Reproduce the data exactly as given, except for any images.

▶ COLLECTED DATA:

::::

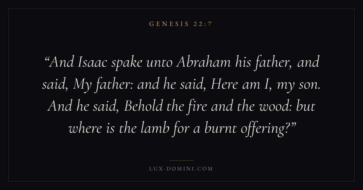 And Isaac spake unto Abraham his father, and said, My father: and he said, Here am I, my son. And he said, Behold the fire and the wood: but where is the lamb for a burnt offering?
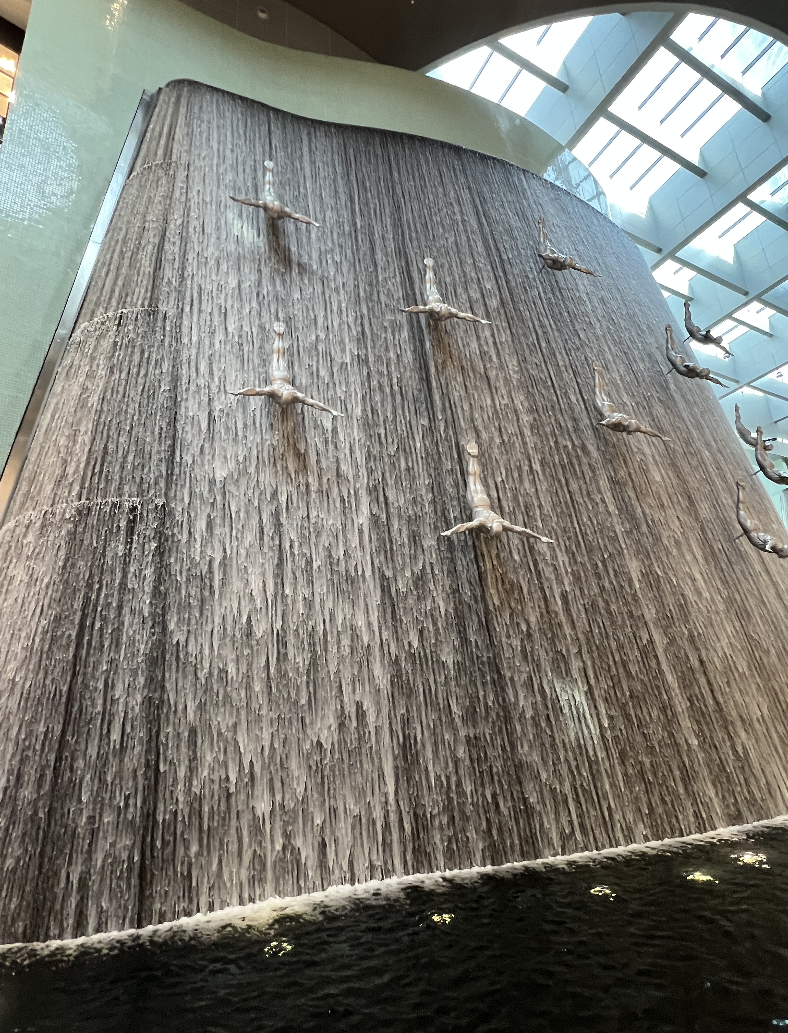 Burj (Tower) Khalifa is set amidst the sprawling Dubai Mall. Most things in Dubai are big. Dubai Mall is the largest shopping mall in the world, 1300 plus outlets, Olympic size ice rink, huge aquarium, 3 story waterfall. It covers 4 floors with 12 million square feet. Simply enormous.
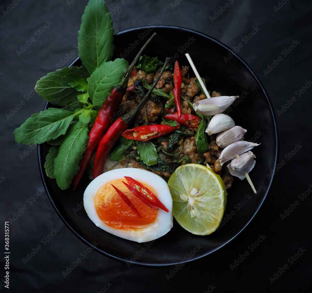 Thai food stir-fried minced pork spicy and basil leave with rice and boiled egg and black plate top view
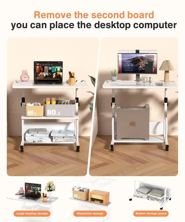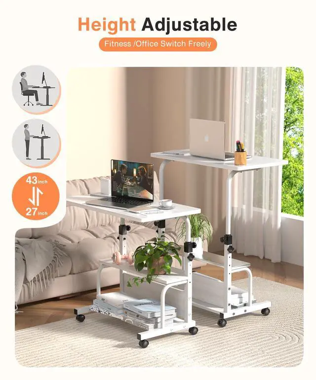 Portable Desk with Wheels Small Standing Desk on Wheels Adjustable Height Rolling Desks for Small Spaces, 32" Computer Desks with Storage Shelves for Home Office Study White

::::

▶ WRITTEN RESPONSE:
 And Isaac spake unto Abraham his father, and said, My father: and he said, Here am I, my son. And he said, Behold the fire and the wood: but where is the lamb for a burnt offering?
 Burj (Tower) Khalifa is set amidst the sprawling Dubai Mall. Most things in Dubai are big. Dubai Mall is the largest shopping mall in the world, 1300 plus outlets, Olympic size ice rink, huge aquarium, 3 story waterfall. It covers 4 floors with 12 million square feet. Simply enormous.
 Thai food stir-fried minced pork spicy and basil leave with rice and boiled egg and black plate top view
 Portable Desk with Wheels Small Standing Desk on Wheels Adjustable Height Rolling Desks for Small Spaces, 32" Computer Desks with Storage Shelves for Home Office Study White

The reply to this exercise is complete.